DATASET EXCERPT:
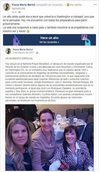 Según recordó en sus redes sociales, hace exactamente un año se encontraba en la capital estadounidense junto a sus antiguas compañeras del grupo de oración Gabriela Michetti y Cynthia Hotton, con quienes participó del National Prayer Breakfast, un desayuno de oración organizado por el Senado de los Estados Unidos. "¡Quién iba a decir que volvería a Washington a trabajar! Juro que no lo pensaba. Hoy me encuentro con todos los preparativos para partir próximamente. La vida nos sorprende a cada paso y también nosotros la acompañamos con nuestro ser y hacer!", reflexionó.
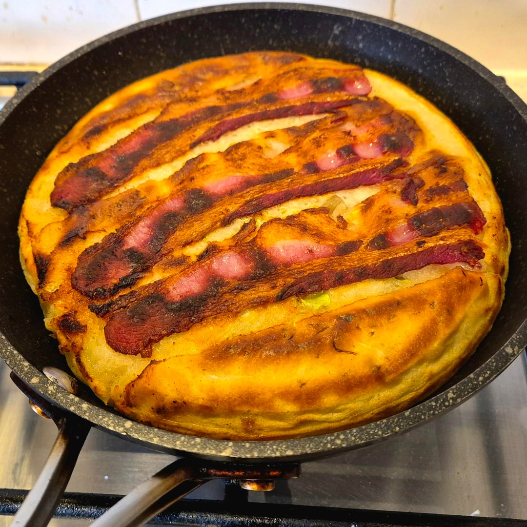 I couldn't be bothered to go out and get pork belly, so I used bacon and slightly burned it, the mandolin made the cabbage too fine (I was hoping to get a little crunch every few mouthfuls, alas), and I probably could have used a little bit more cabbage too.
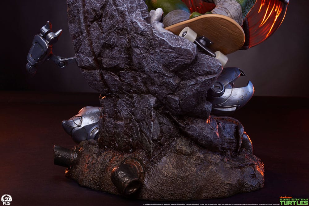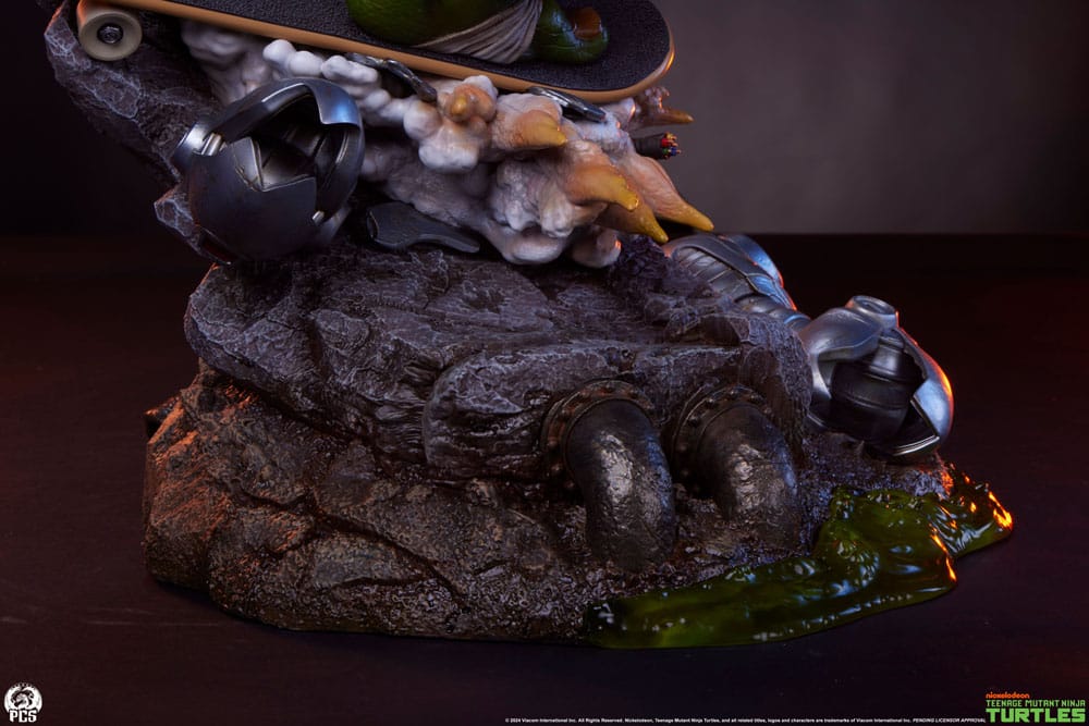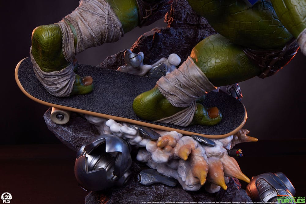 Premium Collectibles Studio presents the Michelangelo 1:3 Scale Statue, the last of the four brothers to make his way into the TMNT Legends 1:3 Scale Statue collection. Designed by the Kucharek Bros., this line was inspired by the many iconic appearances of the Ninja Turtles over the last 35 years. The Michelangelo 1:3 scale statue measures 26.5" tall and nearly 19" wide as this fun-loving turtle whirls his nunchucks while carving through the NYC sewer system on his skateboard. The Michelangelo statue is carefully crafted to showcase a stylized mixture between his more realistic and comic styled depictions. With detailed paint work and design, you can see each scale on his body, every cut of his shell, and his battle-hardened physique from his many clashes with the TMNT rogues' gallery alongside his brothers Leonardo, Raphael, and Donatello. This fully sculpted statue features protective pads on his knees and elbows, cloth wraps around his hands and feet, and a leather belt decked out with a ton of pouches to hold his ninja accessories...or more likely, snacks. The wide grin on his face and his orange mask fluttering in the breeze enhance the sense of movement and fun that makes Michelangelo such a fan favorite. Add some fun to your TMNT Legends collection and bring home the Michelangelo 1:3 Scale Statue by Premium Collectibles Studio today! Product Size: 67 x 47 x 41 cm

GOAL OF THE EXERCISE: What is needed is an exact copy of each line from the top of the data above through the line containing "I couldn't be", with no pictures.

SOLUTION TO THIS EXERCISE:
 Según recordó en sus redes sociales, hace exactamente un año se encontraba en la capital estadounidense junto a sus antiguas compañeras del grupo de oración Gabriela Michetti y Cynthia Hotton, con quienes participó del National Prayer Breakfast, un desayuno de oración organizado por el Senado de los Estados Unidos. "¡Quién iba a decir que volvería a Washington a trabajar! Juro que no lo pensaba. Hoy me encuentro con todos los preparativos para partir próximamente. La vida nos sorprende a cada paso y también nosotros la acompañamos con nuestro ser y hacer!", reflexionó.
 I couldn't be bothered to go out and get pork belly, so I used bacon and slightly burned it, the mandolin made the cabbage too fine (I was hoping to get a little crunch every few mouthfuls, alas), and I probably could have used a little bit more cabbage too.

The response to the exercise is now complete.